Zoom has now become the go-to video conferencing app since the coronavirus pandemic became all-embracing, but its continuing popularity has now brought much closer scrutiny. The US-based app allows people to sign up for free and talk remotely both with friends and colleagues, but deficiencies have now appeared in its privacy and security credentials. It was found to be sharing data with Facebook, and recently admitted that it doesn’t provide end-to-end encryption on video meetings.
Now the app has just become the subject of a class action lawsuit in California, the UK government defended using it for Cabinet meetings. The American lawsuit accusing the company of ‘improperly sharing personal data’ and was filed on Monday. It alleges that despite Zoom announcing its ‘appreciation for the importance of maintaining its users’ privacy,’ it includes coding in the Zoom app that allowed undisclosed sharing of personal information to Facebook and other third parties. The suit, obtained by DailyMail.com, states that information is shared when a user installs the Zoom app and each time it is opened.
That information includes the user’s mobile operating system type and version, the device time zone, model and unique advertising identifier that allows companies to target the user with specific advertising.
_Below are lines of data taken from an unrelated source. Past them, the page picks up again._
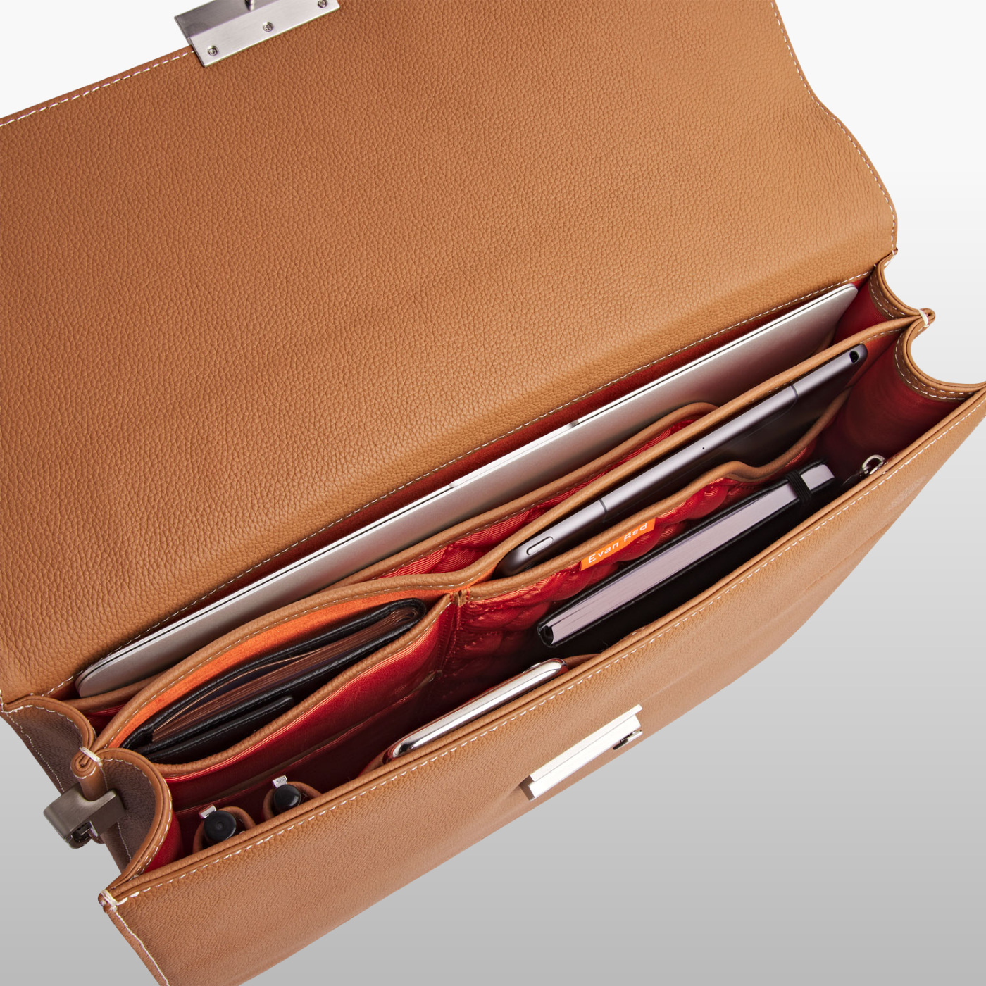 The Amsterdam briefcase features a dual-zip luggage sleeve, allowing you to effortlessly secure it to your trolley
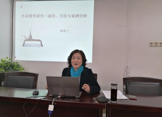 讲座由副院长徐春山主持,大英一室党支部成员、安徽省学术和技术带头人林莉兰教授主讲,主题为“外语教学研究----方法、途径与案例分析”。林莉兰围绕外语教学研究的定义与分类、基本流程、关键因素等问题,结合自身科研经历进行了翔实的讲解,并引证相关案例作具体分析。现场听众就个人教科研中的实际疑难,与主讲人进行了互动交流。
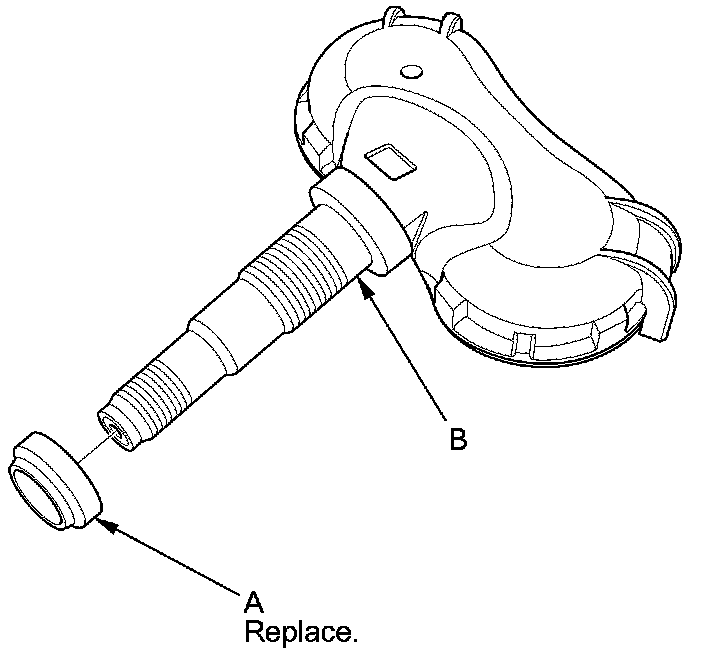 7. Remove and replace the valve stem grommet (A) from the tire pressure sensor (B).

Meanwhile, a government spokeswoman defended Boris Johnson’s use of the app to conduct meetings during the coronavirus lockdown. Boris Johnson left his Zoom meeting ID visible (Twitter) ‘In the current unprecedented circumstances, the need for effective channels of communication is vital,’ the spokeswoman told BBC News. She then added that Zoom, which was founded in 2011 and has an HQ in San Jose, great advantage is that it is quick to set up between the varying systems used by different government departments.
ID number of Zoom Cabinet Meeting
Somewhat amusingly, the prime minister accidentally revealed the ID number for his Zoom meeting when he posted a picture of it online. He posted a picture with government ministers – including Dominic Raab, Michael Gove and Jacob Rees-Mogg – reminding the public to ‘stay at home, protect the NHS, save lives’ and people on Twitter quickly noticed the Tory leader left the Zoom meeting ID number in the top left corner of the screenshot, as well as the usernames of some ministers taking part.
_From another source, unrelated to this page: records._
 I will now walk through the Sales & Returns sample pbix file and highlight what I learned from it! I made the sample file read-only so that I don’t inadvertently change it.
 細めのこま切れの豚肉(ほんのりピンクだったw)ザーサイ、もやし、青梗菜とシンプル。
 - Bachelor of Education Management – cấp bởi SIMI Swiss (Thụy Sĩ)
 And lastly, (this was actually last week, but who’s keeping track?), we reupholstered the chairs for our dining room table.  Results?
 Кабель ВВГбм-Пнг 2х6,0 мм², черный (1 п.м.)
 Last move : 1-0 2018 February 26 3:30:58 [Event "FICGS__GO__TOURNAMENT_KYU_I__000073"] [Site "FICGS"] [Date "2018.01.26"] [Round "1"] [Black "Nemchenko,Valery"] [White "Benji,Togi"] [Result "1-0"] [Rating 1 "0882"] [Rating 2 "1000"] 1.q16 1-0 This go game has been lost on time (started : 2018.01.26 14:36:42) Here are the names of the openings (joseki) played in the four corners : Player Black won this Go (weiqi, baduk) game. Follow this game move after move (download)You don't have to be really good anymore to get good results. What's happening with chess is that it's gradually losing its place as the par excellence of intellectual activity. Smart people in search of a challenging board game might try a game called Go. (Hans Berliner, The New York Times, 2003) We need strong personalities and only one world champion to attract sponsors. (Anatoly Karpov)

A Downing Street spokesman said new IDs were being generated each time the software was used and No 10. is ‘following all necessary security procedures. He added: ‘I am happy to say with confidence we were satisfied it was secure’. How safe is Zoom?
Zoom is being examined by cyber security experts worldwide currently and many of them are explaining basic things that users can do to keep themselves safe. ‘Many controversies now exist around Zoom’s security and privacy, though it is extremely far from dominating the plethora of emerging security risks,’ said Ilia Kolochenko, founder & CEO of web security company ImmuniWeb. ‘Few attackers will ever bother to intercept Zoom communications, even fewer will extract any value from the alleged data sharing with Facebook. ‘Instead, they will bet on the skyrocketing number of poorly configured VPNs and RDP technologies, abandoned servers and unprotected cloud storage, exposed databases and shadow IT resources that widely open the door to companies’ crown jewels.
‘Others will hone their skills in large-scale phishing and BEC campaigns. Unfortunately, most of their attacks will likely be tremendously successful.’ He added ‘Since the commencement of the coronavirus, only a few organisations have successfully shifted all their workforce to securely work from home. ‘Those organisations are erecting emergency infrastructure around the clock to enable remote work, but frequently disregarding even the basic security and privacy aspects, let alone compliance with industry standards and internal policies that are ill-suited for such an unprecedented and devastating crisis.’
‘Organisations of all sizes should urgently update and promulgate among their employees information security policies, adopted to mitigate COVID19 risks and threats. ‘Once everyone has a clear and coordinated cybersecurity strategy, it is essential to implement continuous attack surface monitoring enhanced with surveillance of Dark Web that will likely show an unusual abundance of newly stolen data for sale. Employees’ security awareness programs, and IT asset discovery and management top the emergency To-Do list, being indispensable to secure businesses amid the havoc.’
After the emergency
Zoom has been a hugely beneficial resource for countless millions of people during this international emergency. We are no longer surprised at attending virtually a Church service, a funeral, a meeting with colleagues or clients, even a trial or morale boosting chatting & laughing session with mates from the Rugby Club, or between groups of ladies whose friendships are now long-distance.
As I personally now start to organise a monthly but now virtual Sci-Fi evening with friends this very evening, watching the same latest programmes simultaneously, should I worry that longer term I am compromising my future privacy & security in ways that non-specialists simply haven’t the remotest conception of?